Copies the params and buffers of a module in a tensordict.

Parameters:
  • module (nn.Module) – the module to get the parameters from.

  • as_module (bool, optional) – if True, a TensorDictParams instance will be returned which can be used to store parameters within a torch.nn.Module. Defaults to False.

  • lock (bool, optional) – if True, the resulting tensordict will be locked. Defaults to True.

  • use_state_dict (bool, optional) –

    if True, the state-dict from the module will be used and unflattened into a TensorDict with the tree structure of the model. Defaults to False. .. note:

    This is particularly useful when state-dict hooks have to be
    used.
    

Examples

>>> from torch import nn
>>> module = nn.TransformerDecoder(
...     decoder_layer=nn.TransformerDecoderLayer(nhead=4, d_model=4),
...     num_layers=1)
>>> params = TensorDict.from_module(module)
>>> print(params["layers", "0", "linear1"])
TensorDict(
    fields={
        bias: Parameter(shape=torch.Size([2048]), device=cpu, dtype=torch.float32, is_shared=False),
        weight: Parameter(shape=torch.Size([2048, 4]), device=cpu, dtype=torch.float32, is_shared=False)},
    batch_size=torch.Size([]),
    device=None,
    is_shared=False)
classmethod from_modules(*modules, as_module: bool = False, lock: bool = True, use_state_dict: bool = False, lazy_stack: bool = False)

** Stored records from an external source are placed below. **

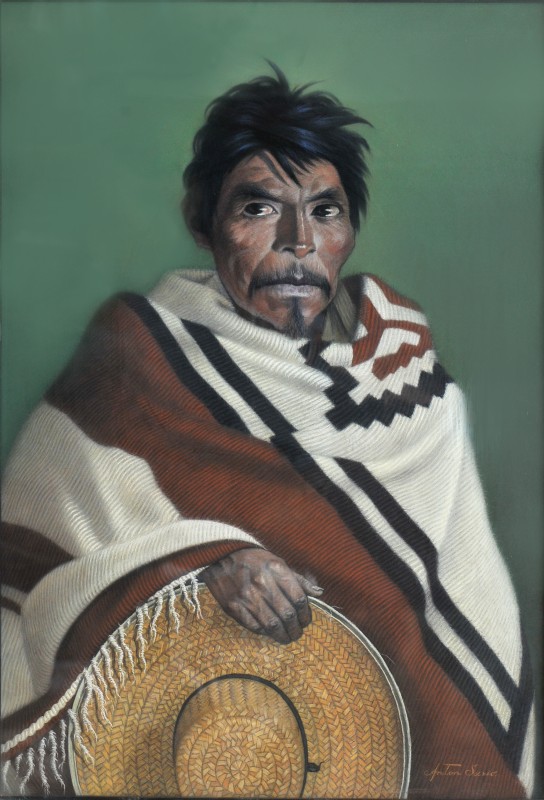 Бюст чоловіка, обличчя якого виражає страждання. Голова закинута і нахилена до лівого плеча. Хвилясте волосся і борода. Брови підняті і зведені. На лобі складки. Рот відкритий. Грудна клітка напружена.
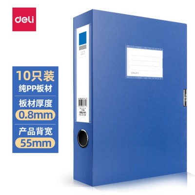 得力(deli)10只55mmA4塑料文件盒 加厚档案盒 33126蓝色
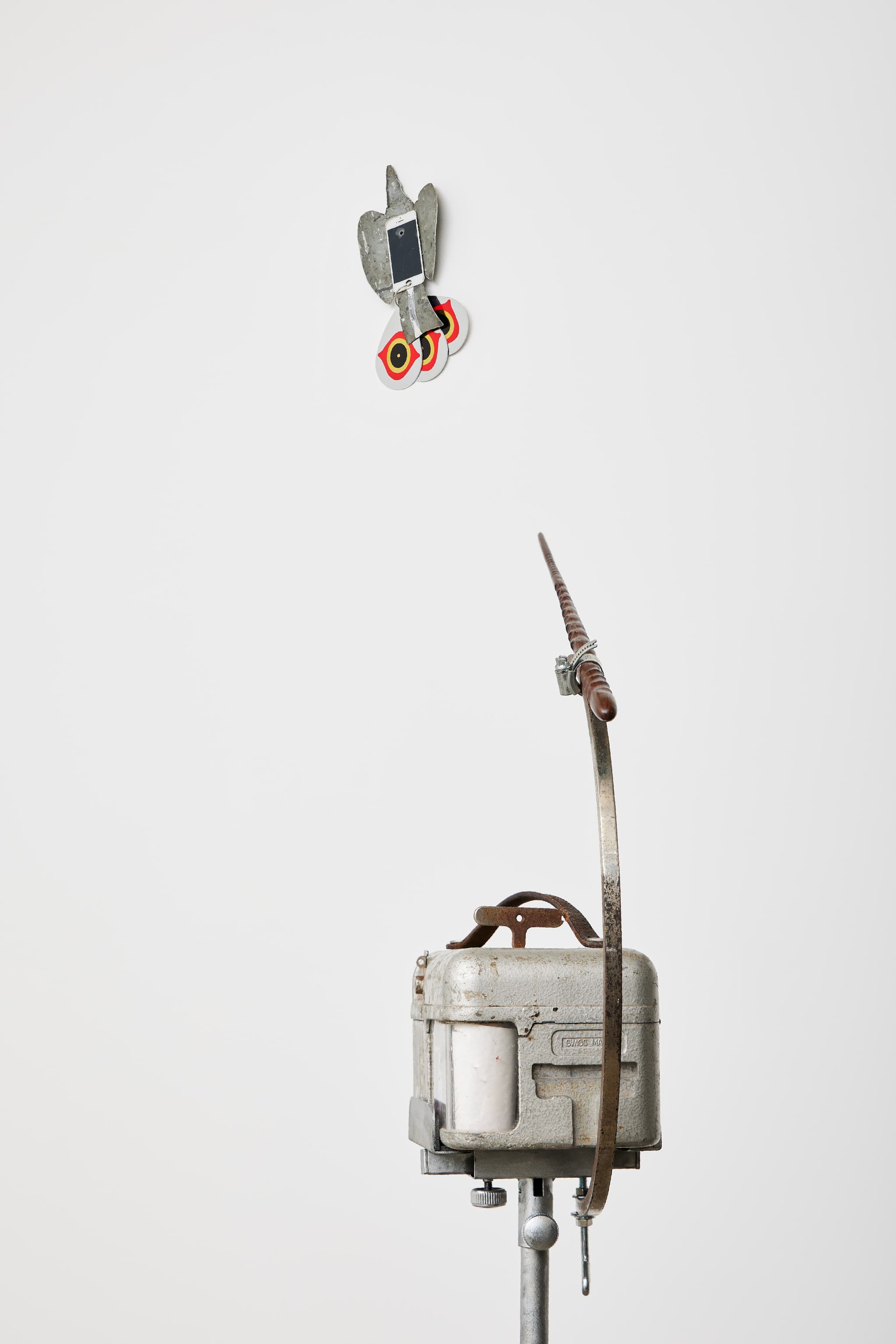 Tamperproof pigeon racing clock, steel globe stand, wooden replica Cho Chang wand, plastic pigeon determent hanging eyes, metal pigeon predator replica and broken iPhone screen

Retrieves the parameters of several modules for ensebmle learning/feature of expects applications through vmap.

Parameters:

modules (sequence of nn.Module) – the modules to get the parameters from. If the modules differ in their structure, a lazy stack is needed (see the lazy_stack argument below).

Keyword Arguments:
  • as_module (bool, optional) – if True, a TensorDictParams instance will be returned which can be used to store parameters within a torch.nn.Module. Defaults to False.

  • lock (bool, optional) – if True, the resulting tensordict will be locked. Defaults to True.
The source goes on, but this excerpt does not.